Ms. Xian Chen was awarded the Lawrence E. Goodman Fellowship in Theoretical and Applied Mechanics in the Department of Aerospace Engineering and Mechanics. This award honors a graduate student with an outstanding academic record who demonstrates a special commitment to graduate studies.

Chen is pursuing a Ph.D. in Aerospace Engineering and Mechanics and is advised by Professor Richard James. She is studying solid mechanics with application to materials that undergo phase transformations, especially a fascinating family of transformations called martensitic phase transformations. When heated or cooled through its phase transformation temperature, one of these materials suddenly changes crystal structure, but remains solid. Usually, on cooling, the lattice undergoes a distortion from a symmetric crystal structure, often cubic, to a lower symmetry structure. These materials are some of the most interesting in all of science, because the two crystal structures can have very different properties. For example, one of the materials that Chen discovered (together with another collaborator from James’ group) is a strong magnet in the high temperature phase, but nonmagnetic in the low temperature phase. Such materials have enormous potential for technology, in energy conversion and storage devices, microelectronics, solid state refrigeration, information storage, actuators, sensors and optics.

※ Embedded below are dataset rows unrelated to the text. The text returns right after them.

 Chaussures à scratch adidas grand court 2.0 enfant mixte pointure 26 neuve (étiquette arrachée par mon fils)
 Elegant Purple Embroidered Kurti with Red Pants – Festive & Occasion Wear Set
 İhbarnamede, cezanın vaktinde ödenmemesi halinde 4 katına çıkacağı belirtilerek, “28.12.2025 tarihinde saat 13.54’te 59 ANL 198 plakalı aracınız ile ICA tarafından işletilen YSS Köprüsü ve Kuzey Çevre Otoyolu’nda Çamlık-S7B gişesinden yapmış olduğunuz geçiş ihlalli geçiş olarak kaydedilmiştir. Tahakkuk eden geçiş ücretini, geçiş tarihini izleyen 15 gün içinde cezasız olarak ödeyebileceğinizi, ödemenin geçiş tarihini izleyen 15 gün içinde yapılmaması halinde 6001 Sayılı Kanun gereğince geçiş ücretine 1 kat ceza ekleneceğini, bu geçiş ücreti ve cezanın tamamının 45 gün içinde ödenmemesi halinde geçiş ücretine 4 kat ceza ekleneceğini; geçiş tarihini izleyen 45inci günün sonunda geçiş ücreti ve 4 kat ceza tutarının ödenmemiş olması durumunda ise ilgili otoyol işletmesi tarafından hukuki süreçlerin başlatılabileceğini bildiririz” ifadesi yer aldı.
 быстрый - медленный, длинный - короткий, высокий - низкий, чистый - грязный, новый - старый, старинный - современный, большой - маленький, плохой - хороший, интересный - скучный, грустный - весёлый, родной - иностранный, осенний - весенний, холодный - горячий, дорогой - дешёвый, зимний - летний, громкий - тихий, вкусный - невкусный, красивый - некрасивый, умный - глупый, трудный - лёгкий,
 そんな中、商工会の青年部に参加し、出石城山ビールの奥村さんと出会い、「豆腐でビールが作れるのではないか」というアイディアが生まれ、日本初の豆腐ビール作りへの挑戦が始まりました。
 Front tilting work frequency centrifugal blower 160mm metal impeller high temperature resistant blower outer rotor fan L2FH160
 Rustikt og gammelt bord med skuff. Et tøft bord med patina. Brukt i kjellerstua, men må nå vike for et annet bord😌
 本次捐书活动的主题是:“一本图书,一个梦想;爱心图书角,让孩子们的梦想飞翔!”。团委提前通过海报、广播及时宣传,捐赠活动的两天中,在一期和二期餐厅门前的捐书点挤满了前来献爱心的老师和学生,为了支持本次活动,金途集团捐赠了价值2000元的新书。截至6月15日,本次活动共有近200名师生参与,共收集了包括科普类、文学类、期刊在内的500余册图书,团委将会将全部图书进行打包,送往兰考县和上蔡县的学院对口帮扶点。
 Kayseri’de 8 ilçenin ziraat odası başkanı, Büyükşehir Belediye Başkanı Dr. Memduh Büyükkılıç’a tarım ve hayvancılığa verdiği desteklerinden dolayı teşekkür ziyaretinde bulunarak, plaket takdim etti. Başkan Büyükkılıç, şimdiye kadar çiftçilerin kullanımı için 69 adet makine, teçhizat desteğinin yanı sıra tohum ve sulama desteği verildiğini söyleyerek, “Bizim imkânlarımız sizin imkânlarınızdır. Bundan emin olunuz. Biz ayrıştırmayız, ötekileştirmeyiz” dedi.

All of these applications require that the material goes back and forth through the phase transformation many, many times, but this rarely happens. After a few cycles, the transformation temperature migrates, and the materials may fatigue or crack. Chen’s main discovery is a strategy for making these transformations highly reversible, so that thousands or millions of cycles are possible, despite the disruptive change of crystal structure. She does this by “tuning” the lattice parameters (i.e., the geometric parameters that describe the size and shape of the unit cell) of the two phases so that the two phases fit together in many ways. As Chen explains, “It is like a jigsaw puzzle. Imagine a bizarre jigsaw puzzle in which the pieces can change shape. Under the conditions on lattice parameters I have found, the pieces still fit together perfectly!”

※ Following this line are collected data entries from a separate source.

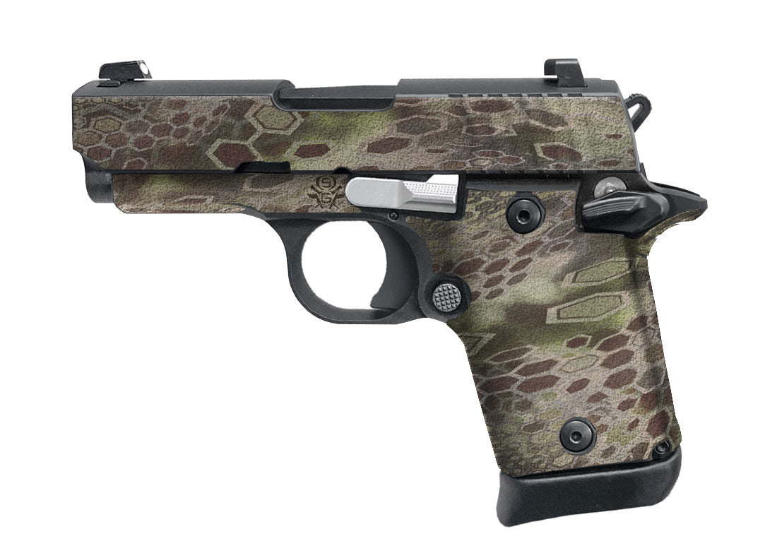 Decal Grip for Sig P938 – Showgun decal grips are manufactured with a rubberized, textured vinyl, and 3M adhesive specially formulated to mold into textured surfaces and stays on through harsh environments and conditions. Cover just the frame of your P938 or apply it to the slide as well. The rubberized feel is not only non-slip, but it won’t chaff or irritate your skin. Cryptic Camo design.
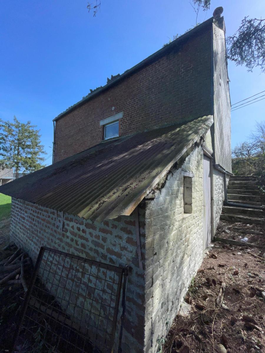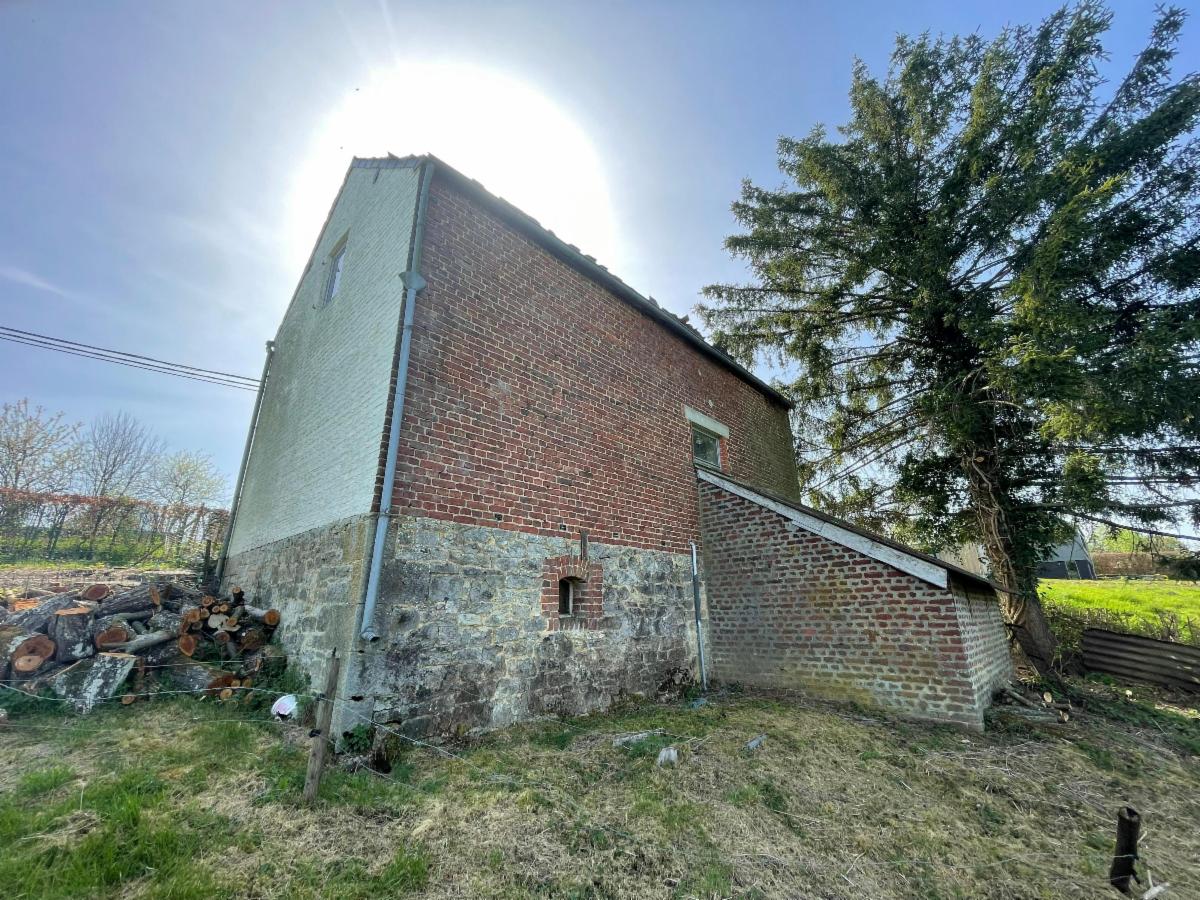 Maison à rénover en pleine nature, au calme, avec une vue magnifique à l’arrière. EXTENSION POSSIBLE (terrain à bâtir). Remise. Grand jardin. Entre Chimay et Couvin.
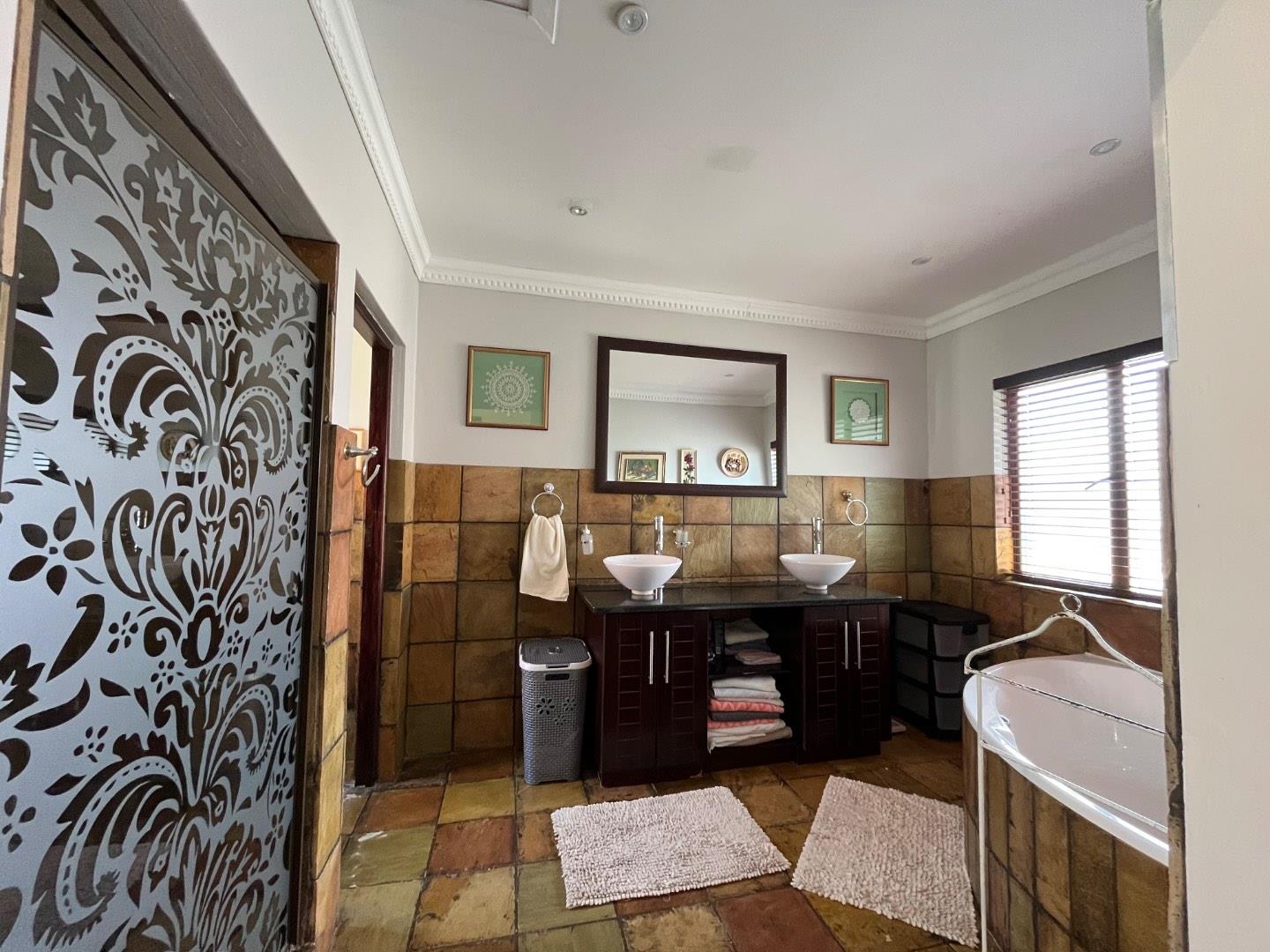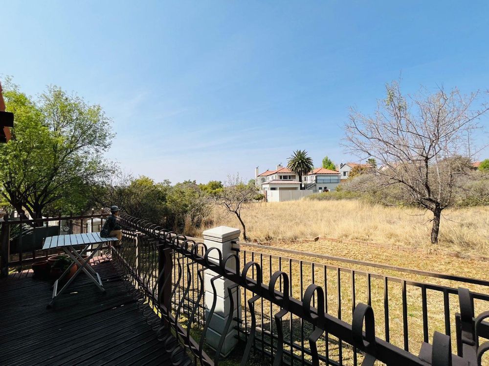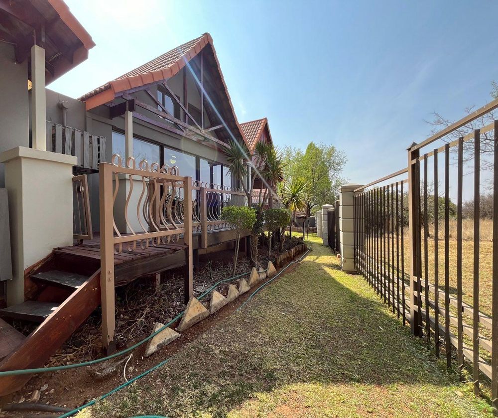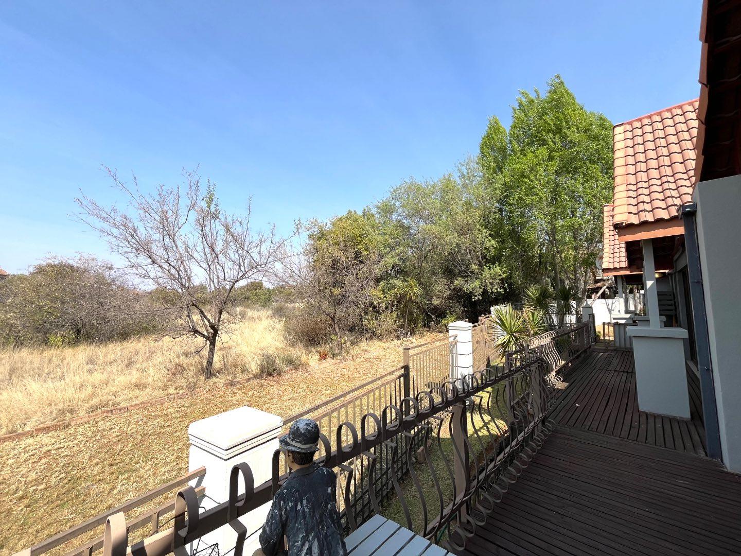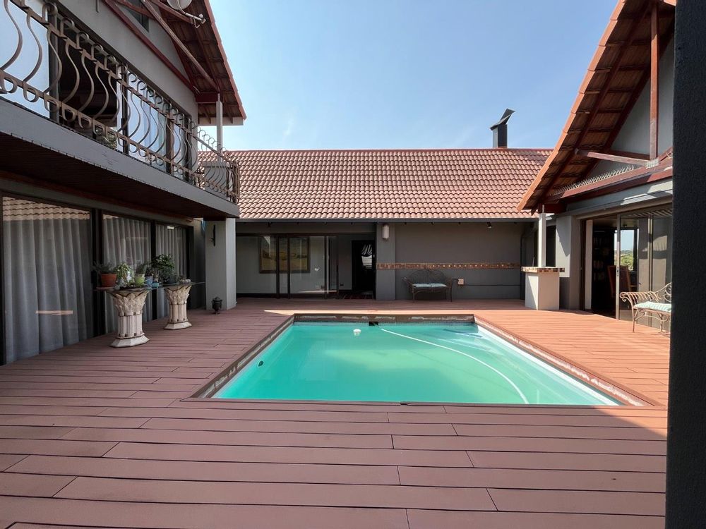 A covered stoep with a built-in braai overlooks the tranquil green area, perfect for relaxed gatherings with family and friends. Accommodation includes four generous bedrooms, three situated downstairs. The main bedroom boasts a luxurious en suite bathroom and walk-in closet. Upstairs, the fourth bedroom offers its own bathroom and a private balcony with a view of the pool.

Figure 1. The perfect fitting together of two phases, despite distortion, in an alloy satisfying conditions on lattice parameters studied by Xian Chen.

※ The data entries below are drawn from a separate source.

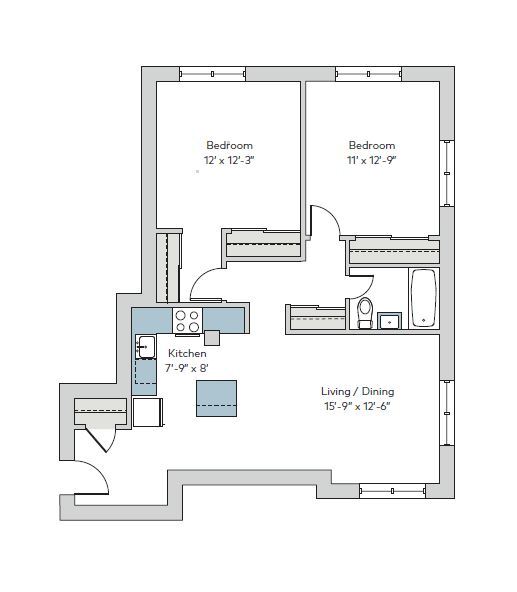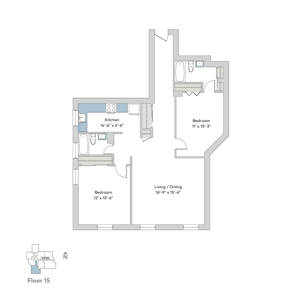 mon-1bv - Plano 1 Unidad de apartamento: 15VModelo de apartamento: mon-1bv1 Dormitorio, 1 Baño, 574 sq ftDisponible Ahoramon-1br
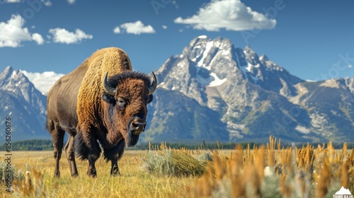 snow, fur, park, foreground, wildlife, up, bison, mammal, mountain, cloud, travel, north, grass, grazing, landscape, looking, field, standing, capped, wild, scenic, animal, sky, nature, image, horizon, yellow, green, us, summer, background, picture, close, grand, photo, tall, environment, blue, beautiful, national, america, habitat, photo, wyoming, outdoors, brown, distant
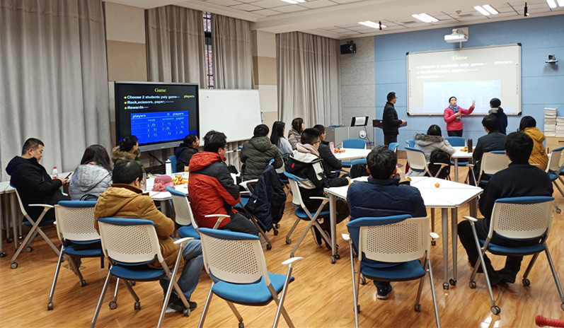 副团长电子信息学院马云红老师代表研修团,总体介绍了阿德莱德大学境外研修项目、研修课程总体安排等方面内容。随后以“Game Theory”为题,为现场教师带来教学示范。马云红老师通过展示教学设计、教学互动技巧、教学工具使用等,并将现场观摩的教师和学生们组成不同讨论小组,针对具体的教学设计及问题参与研讨,让参加交流的各位老师充分体验英文媒介教学方法的实践运用效果,掌握双语教学的策略要领。
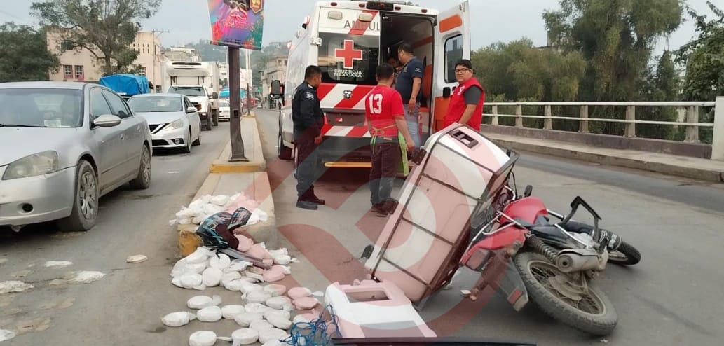 Huejutla, Hgo. – Conductor de una urvan que circulaba sobre el bulevar central a la altura del puente Reséndis de esta ciudad, atropelló a un mototortillero dejándolo con varias lesiones y daños materiales, oficiales de la policía municipal intervinieron en este hecho.
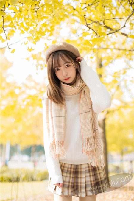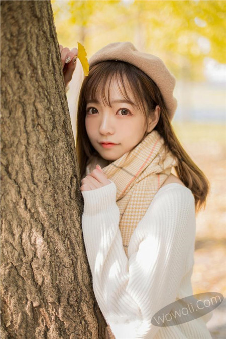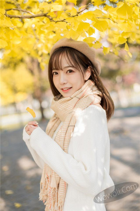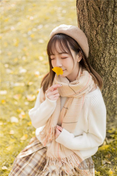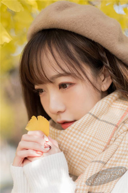 手拿拍照道具,就像下面模特,手拿一片落叶,和它来一个亲密互动,放在嘴唇上,闻着大自然的味道,闭上双眼,也可以避免眼光无神的尴尬。
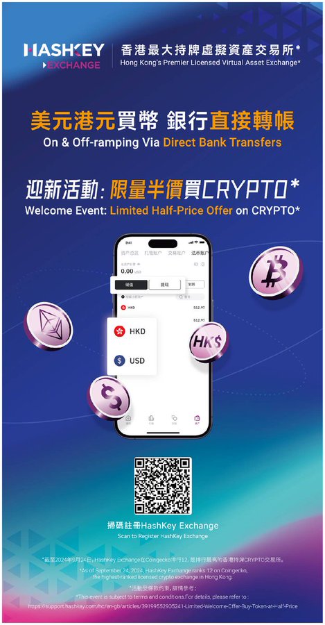 🌟< Announcement >🌟 HashKey Exchange Limited Welcome Offer - Buy Token at Half Price From October 28, 2024, to November 10, 2024 (UTC+8), the first 200 new customers to pass KYC (regardless of registration time) can enjoy the half-price offer for their first purchase of

James notes that “It turns out that these special conditions on lattice parameters have a profound influence on the reversibility of martensitic transformations. In collaboration with other members of my group, we have achieved these conditions by carefully synthesizing alloys, measuring the lattice parameters, and marching closer and closer to these conditions. The resulting alloys show hysteresis less than 1 degree, and unprecedented reversibility.” James reflects, “Xian is using modern versions of some of the most important classical ideas in theoretical and applied mechanics to discover important new materials.”

James recruited Chen during a visit to China to visit a former postdoctoral fellow, Jian Li, who is now Chair of the Department of Materials Science at Huazhong University of Science and Technology in Wuhan. Jian Li, who directs a huge group of students, postdocs and assistant professors in diverse areas of energy science, recommended Chen as his top student. Chen said of James’ lecture series there, “As a student in materials science, I could not believe that one could use sophisticated ideas in mathematics to understand materials.”

Chen’s research has been sponsored by two MURI projects (managed by the Army Research Office and the Air Force Office of Scientific Research).

The fellowship is named in honor of Lawrence E. Goodman, who was hired as a professor in the Department of Mechanics and Materials at the University of Minnesota in 1953. He taught graduate classes in continuum mechanics, the theory of elasticity, the theory of mechanical vibrations and undergraduate classes in Newtonian mechanics and stress analysis. He was appointed as a member of the graduate faculty in the Department of Aeronautical Engineering in 1961 During his tenure at the University of Minneapolis, he had played an active role in graduate education and served on several graduate committees for the Physical Sciences. Professor Goodman left the department and was a Professor of Civil Engineering at the University of Minnesota and Chair of the Civil and Mineral Engineering Department from 1965 to 1972. Professor Goodman primarily conducted research in the field of stress analysis, particularly the stress-optical properties of AgCl crystals in the elasto-plastic range, the damping of turbine blade vibrations, and the effects of contact stresses which arise at the interface of rounded solids pressed together. He also served as a senior fellow of the National Science Foundation. Apart from his academic duties at the University of Minnesota, he occasionally served as consultant to industry, notably to the Gyro Design Section, Aeronautical Division, Minneapolis Honeywell Regulator Company, the General Electric Corporation and Electric Machinery Manufacturing Company. He was the holder of domestic and foreign patents on gyroscope improvements and telemetering devices. In addition, he has co-authored several books with Professor Warner on Statics and on Dynamics.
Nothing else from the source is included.